Q. I like to ask this question a lot, especially when we have soccer coaches and trainers. I want to get your pulse and I think you have a good pulse because you have been a soccer coach for over 30 years and now direct a pretty large soccer youth organization. What do you believe is the state of US Soccer?

A. I think the state is solid. I Really do. It is a disappointment that the national team didn’t qualify for the World Cup and everyone looks back on that and says we are doing everything wrong. I don’t think we are. In terms of more kids playing and the talent, we have guys playing in Premier league, Bundesliga. There is talent. US Soccer revamped since not making the World Cup, the revamped the coaching philosophy a bit. Its called the grassroots. It is for the coaches I deal with, local communities, travel, club teams. They want players to have to solve problems on their own.  A players centric approach to coaching. It is less structured coaching as it was before when players come to train they play a small-sided game before they even stretch. The coaches provide little feedback, just lets the play. Then they train and end will full sided game. Where the coach does provide a lot of corrective feedback. It is different than it was, overall I think it is a good philosophy. Our players haven’t been coached to solve their problems, and if you make bad decisions it will hurt your performance.

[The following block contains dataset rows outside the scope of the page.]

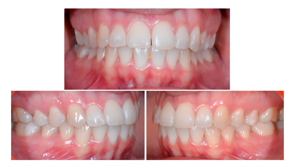
Figure 1. Early wire syndrome. Frontal and lateral views.

A 22-year-old female patient in good health had a consultation because she was concerned about the "root prominence" of tooth 41. She wore a mandibular retainer wire when she was 16 years old at the end of her orthodontic treatment. She has good oral hygiene, despite the presence of tartar between 31 and 41, and a right and left Class I with a slight deviation of the midlines (Figure 1).
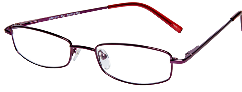
SKU: 1202040 Style: WM1017 PRP Color: Purple Category: Adult Material: Metal Size: 50 18 135
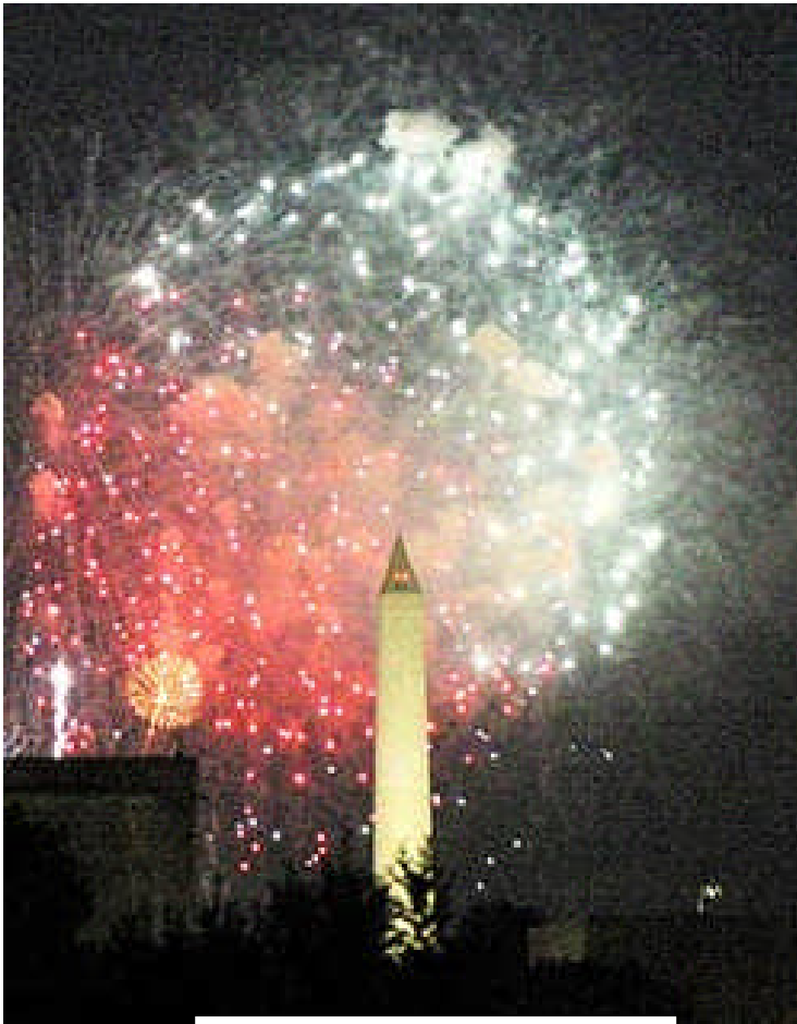
Figure 6. A spectacular view.

The fireworks displays, launched across the National Mall, are as spectacular as any I've seen.
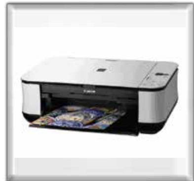
NL CP - 200
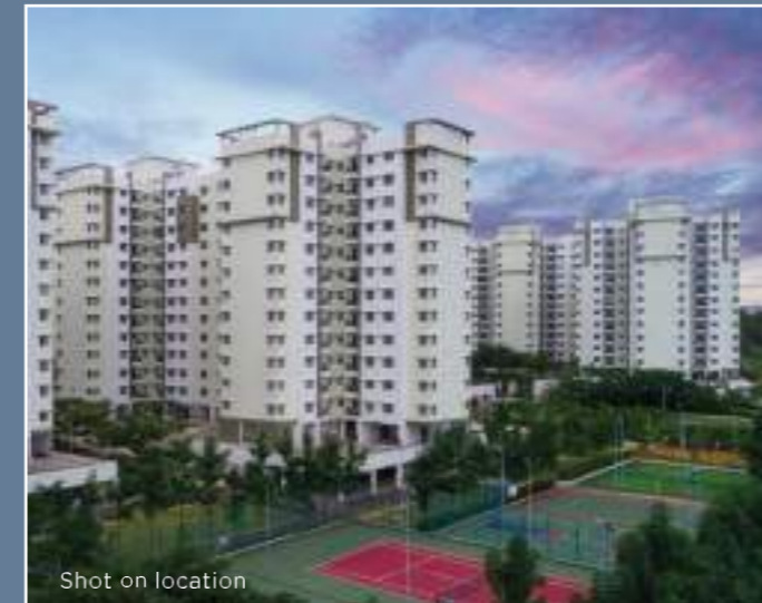
Shot on location
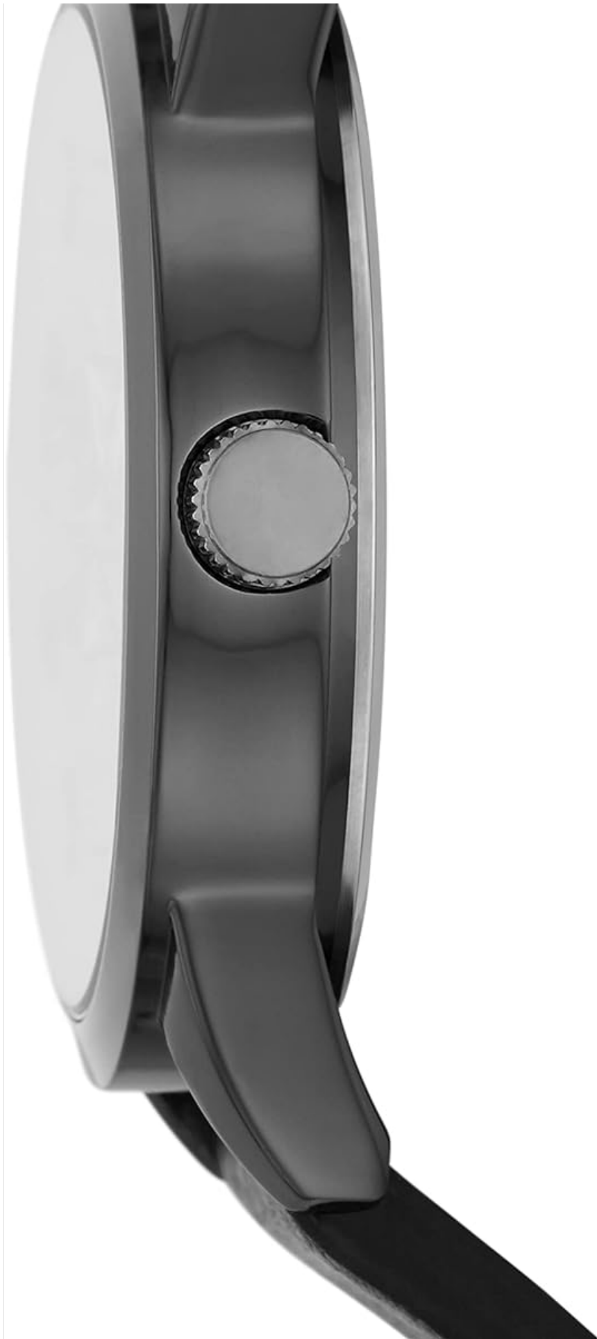
Image: Side view of the watch, highlighting the crown used for setting the time.

Q. You just said not all players can coach which then brings the question, you were a great player and coach, how were you able to make that transition?

A. Well, it is definitely different. I played collegiately and professionally but I was at the end of being a player. The coach told me what to do and obviously, I remember those drills. But dealing with players and different ages, how to structure a practice that keeps them moving. For instance, when you are not experienced if you have 15 kids you may put them in lines of 8 or 7 to shoot. So they get one shot and have to wait for 15 kids, which is not how you coach. What I did was attend US Coaching schools, even when I was still a professional. C license, then B and finally the A. You learn a lot there about how to structure, create an environment where players can develop. I have been in coaching for 30 years, you learn all the time. If I go to a clinic or just working with another coach and see something, it will strike a note and I will say “hey I could use that too.” It is constant learning, but it is good to take a course. US soccer offers a variety of course, starting with that grass root program and all the way up to a national diploma.